I really appreciate all the kind words and support. Its really helpful for me to come here and vent and hear from women who have been in the same predicament.

Truthfully he does have a conscience. He does love his daughter. And to some extent he does love me as well. The only reason I know he's relapsing is because he tells me. He doesn't have to tell me, but he does. He always has come clean with the truth with me regarding everything. Now, he is also an addict so the length of the truth is different. He will tell me he's relapsed but the type of drug I never truly know. He tells me it's coke, but he used to be bad into heroin and with the fentanyl so popular in the area, it truly scares me to death. I'm sure he relapsed, why would he lie about that? But is it honestly that believable it was with coke....not really.

He relapsed again FRIDAY :'( Yes, this past Friday. My heart is literally swallowed by my gut. Not only is he an addict, but he also uses needles. So not only am I fearful of a fentanyl overdose, other things I worry about as well such as 'cotton fever'

His sobriety last's about 10 days-14 days and he's back at it again.
He has agreed obviously that our daughter can no longer be alone with him. He cannot show up if he's high, and he actually sent more money than we agreed to last week. Is he sending more money out of guilt? I couldn't tell you. I guess its better than nothing though, right?

Again, he says 'im scared and I need help' he comes up with all these 'plans' and were right back on the rodeo. This time, I didn't feed into it with badgering rants of 'what is wrong with you' or tough love and little lectures about how he's let me down and yada yada.

I sent a message back telling him that he will die from this. That the result is simply just that, he will die to drugs. But he doesn't have to. He can take back control and get professional help and he can fight this. But what he chooses to do is 100% up to him. I have no power to make the choice for him. That my job is to keep our daughter safe, and that is my choice.
That's exactly what I said and I didn't say anything else. Typically, I hover, I berate, I rant, I blow up, go off the deep end (so excuse my ranting in here, I know this is a long message but ITS KILLING ME INSIDE)
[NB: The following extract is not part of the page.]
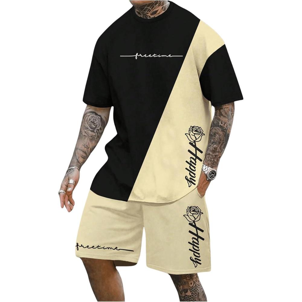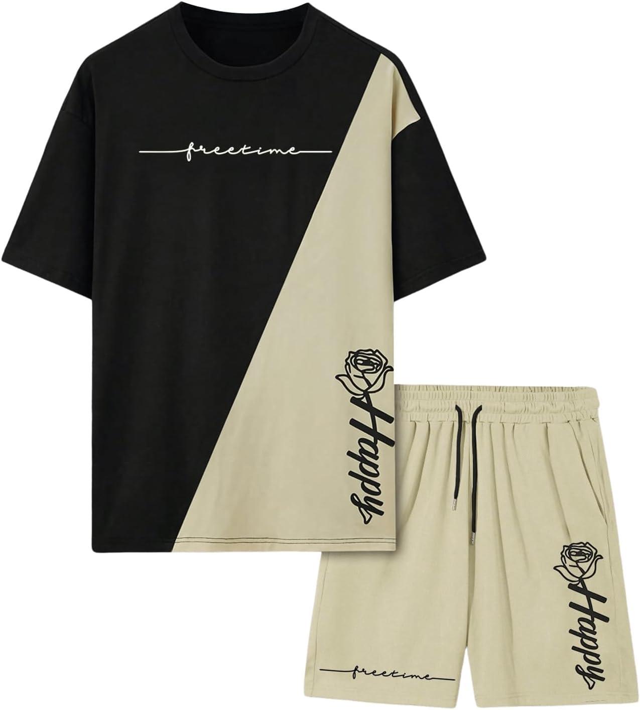 Be the first to review “SOLY HUX Men’s Tracksuits Color Block Print Short Sleeve Tee and Drawstring Shorts Summer 2 Piece Sets(Black Beige Multi)”

I just can feel death around the corner, and there is truly nothing I can do to stop him from using. If he wants to use, he will, if he wants to stop, he will. That ball is not in my court and its the most powerless feeling ever. Beyond the rage, the betrayal, the abandonment I still love him as a person and seeing him like this is so frustrating. Watching him go down farther and farther, with a sprout of energy to get better, and relapse again. I am getting better with him in my codependency and ranting, but his sobriety is not getting better.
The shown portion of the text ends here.